-------- Data listing --------

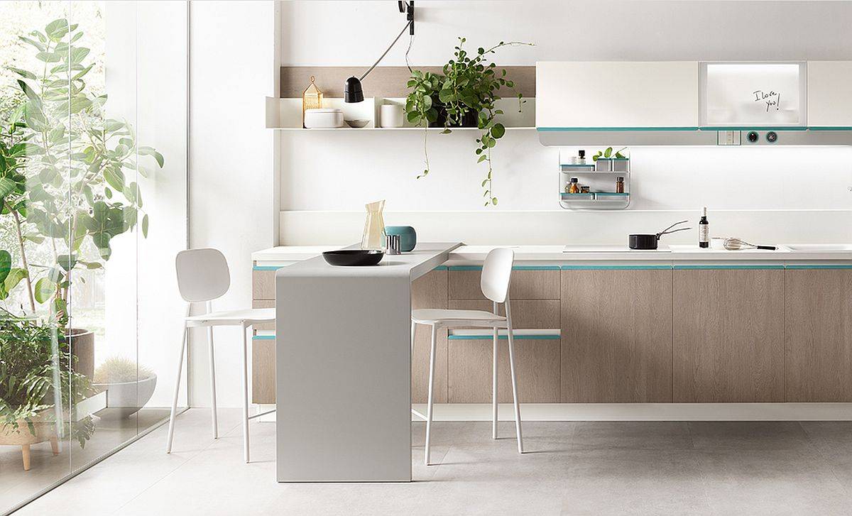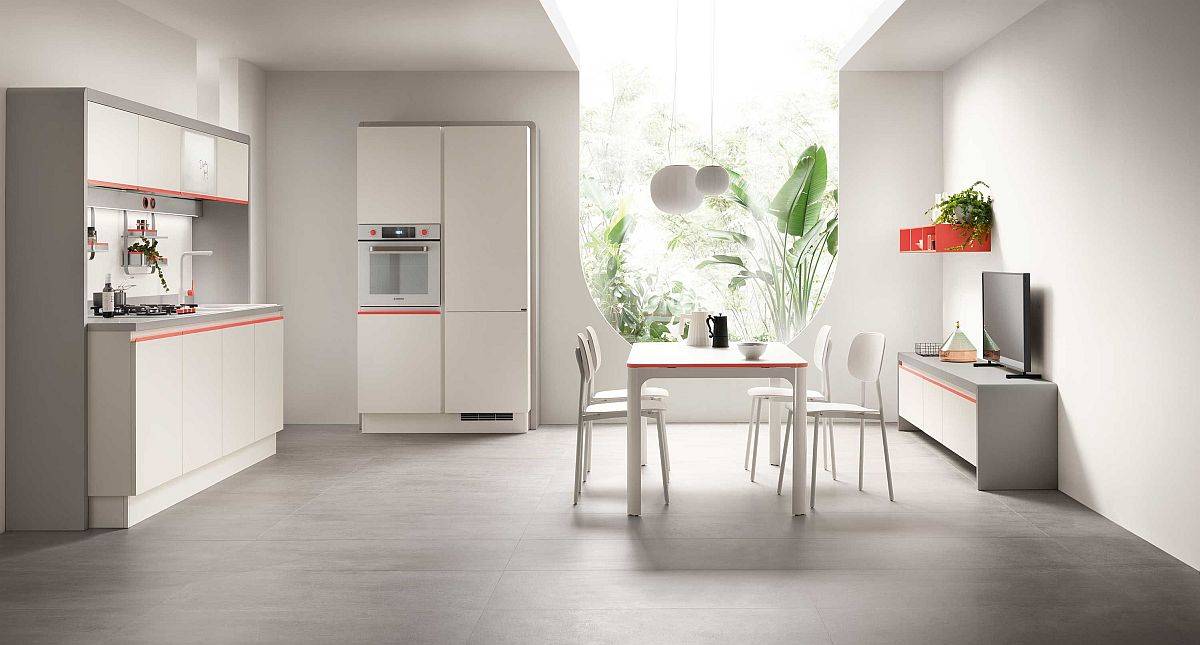 Ainsi, nous découvrons des tables étroites pour les repas à l’intérieur et des armoires murales élégantes qui maximisent l’espace vertical. Nous découvrons aussi des plans de travail intelligents qui vous permettent de cuisiner et de préparer facilement. C’est une cuisine contemporaine qui a tout pour plaire. Aussi, ajoutez à cela les nombreuses solutions de décoration sur mesure proposées par Scavolini et vous obtenez une cuisine fringante qui répond aux besoins de chacun.
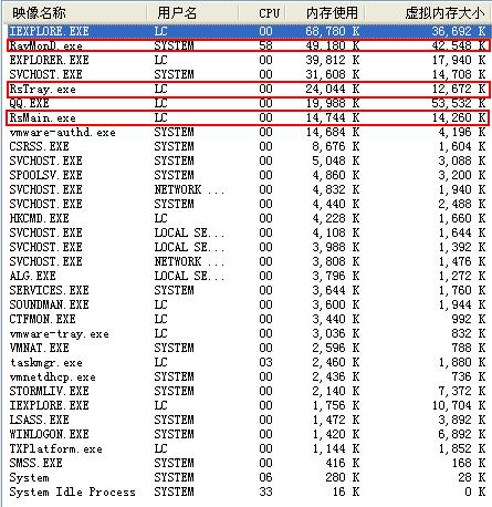 上图为瑞星杀毒软件2010静默时资源占用情况
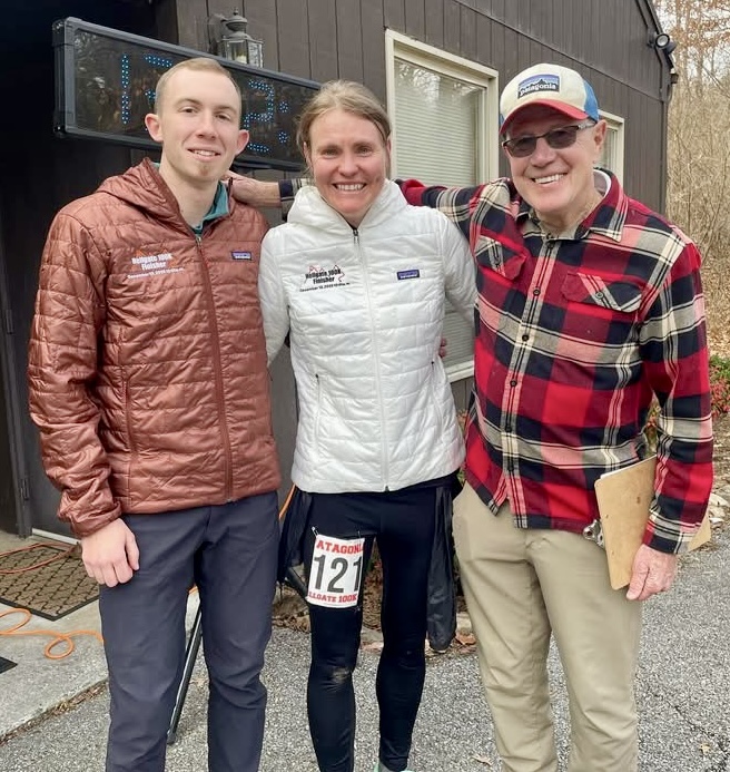 Hellgate Race Director Dr. David Horton and the men’s winner, Brandon Fogerty, flank Lexi. 📸Hortie
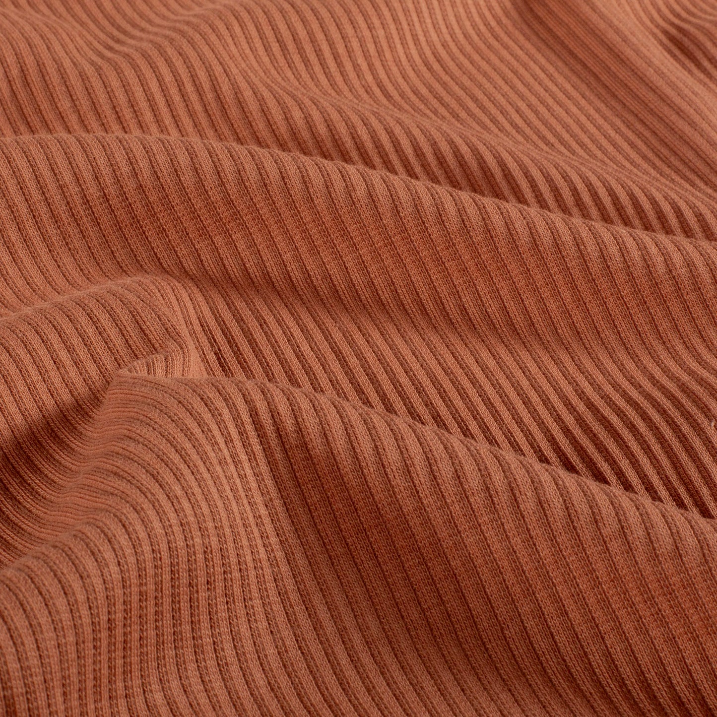 Ribjersey is een gebreide stof die wordt gekenmerkt door een opvallend patroon van verticale ribbels. Dit wordt bereikt door afwisselend rechte en averechte steken te gebruiken tijdens het breien. Ribjersey is elastisch, waardoor de stof goed meerekt en comfortabel aanvoelt. Het wordt vaak gebruikt voor kledingstukken zoals T-shirts, tops, truien, leggings en accessoires vanwege de soepele en ademende eigenschappen. Ribjersey heeft een lichte structuur en is veelzijdig, waardoor het geschikt is voor zowel casual als sportieve mode.
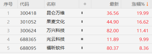 当日收盘,昆仑万维(300418.SZ)20CM涨停,果麦文化(301052.SZ)大涨16.62%;万兴科技(300624.SZ)涨超11%,光云科技(688365.SH)、福昕软件(688095.SH)等跟涨。
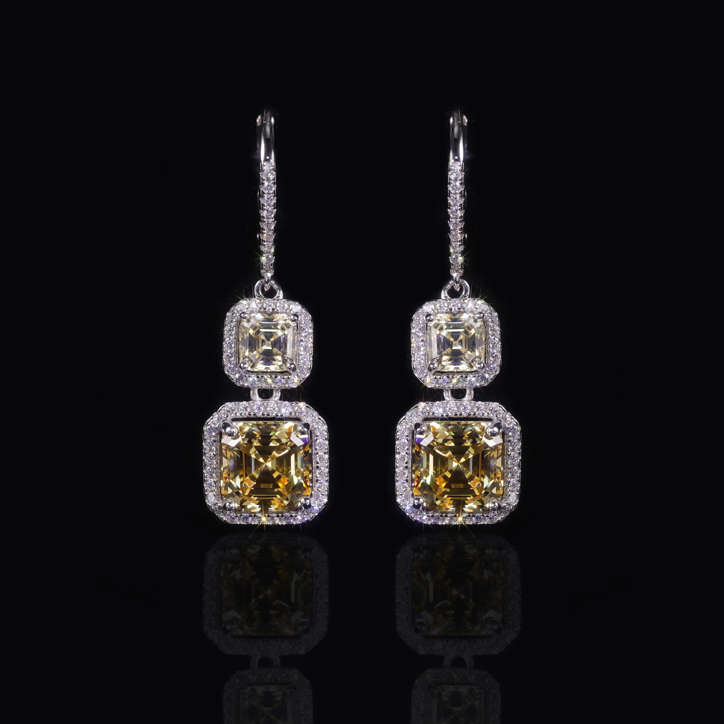 Gem's Ballett 925 Sterling Silber Diamant-Feuer cz-ausgefallene hellgelbe Luxus Ohrring Party Kö...
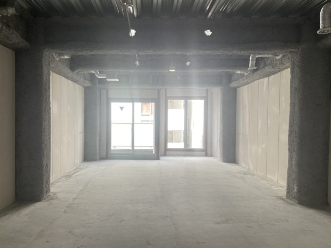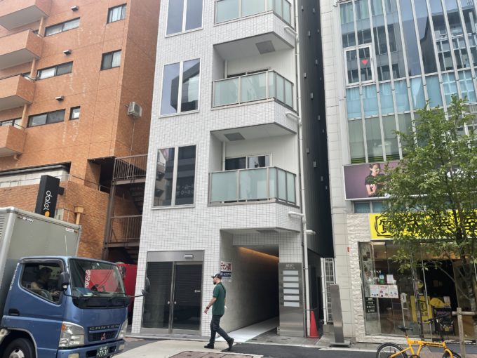 2022年7月に竣工した細長いこちらのビル。周辺には多くの店舗ビルが立ち並ぶ。エントランス、エレベーター横には看板の掲示が可能。募集区画は2階、4階-6階。2階は視認性が高く、4階以上は日差しが入り明るい印象だ。ワンフロアワンテナントで軽飲食、物販、スタジオなど幅広く対応可能できる。
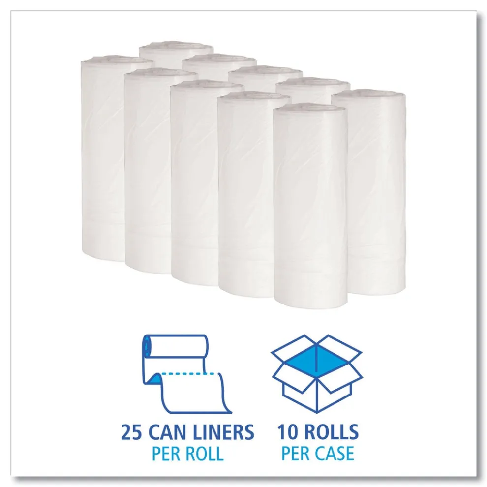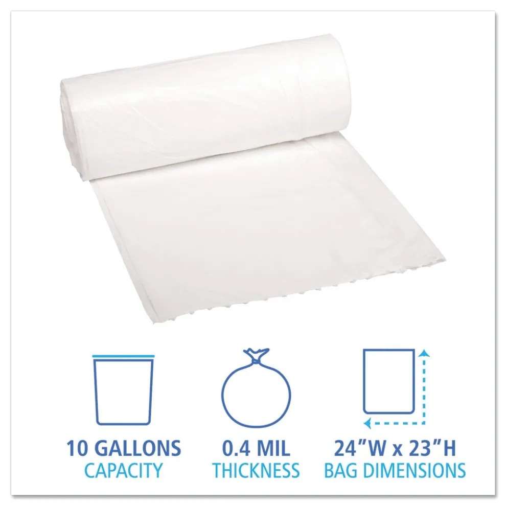 (25 Bags/Roll, 20 Rolls/Carton) 10 Gallon 0.4 mil 24 in. x 23 in. Perforated Roll Low-Density Waste Can Liners – White – 2423EXH

--------

### Task goal
Copy out only the lines from the one containing "2022年7月に竣工した細長" to the end of the entries, unchanged. Drop the pictures.

### Answer for the task
 2022年7月に竣工した細長いこちらのビル。周辺には多くの店舗ビルが立ち並ぶ。エントランス、エレベーター横には看板の掲示が可能。募集区画は2階、4階-6階。2階は視認性が高く、4階以上は日差しが入り明るい印象だ。ワンフロアワンテナントで軽飲食、物販、スタジオなど幅広く対応可能できる。
 (25 Bags/Roll, 20 Rolls/Carton) 10 Gallon 0.4 mil 24 in. x 23 in. Perforated Roll Low-Density Waste Can Liners – White – 2423EXH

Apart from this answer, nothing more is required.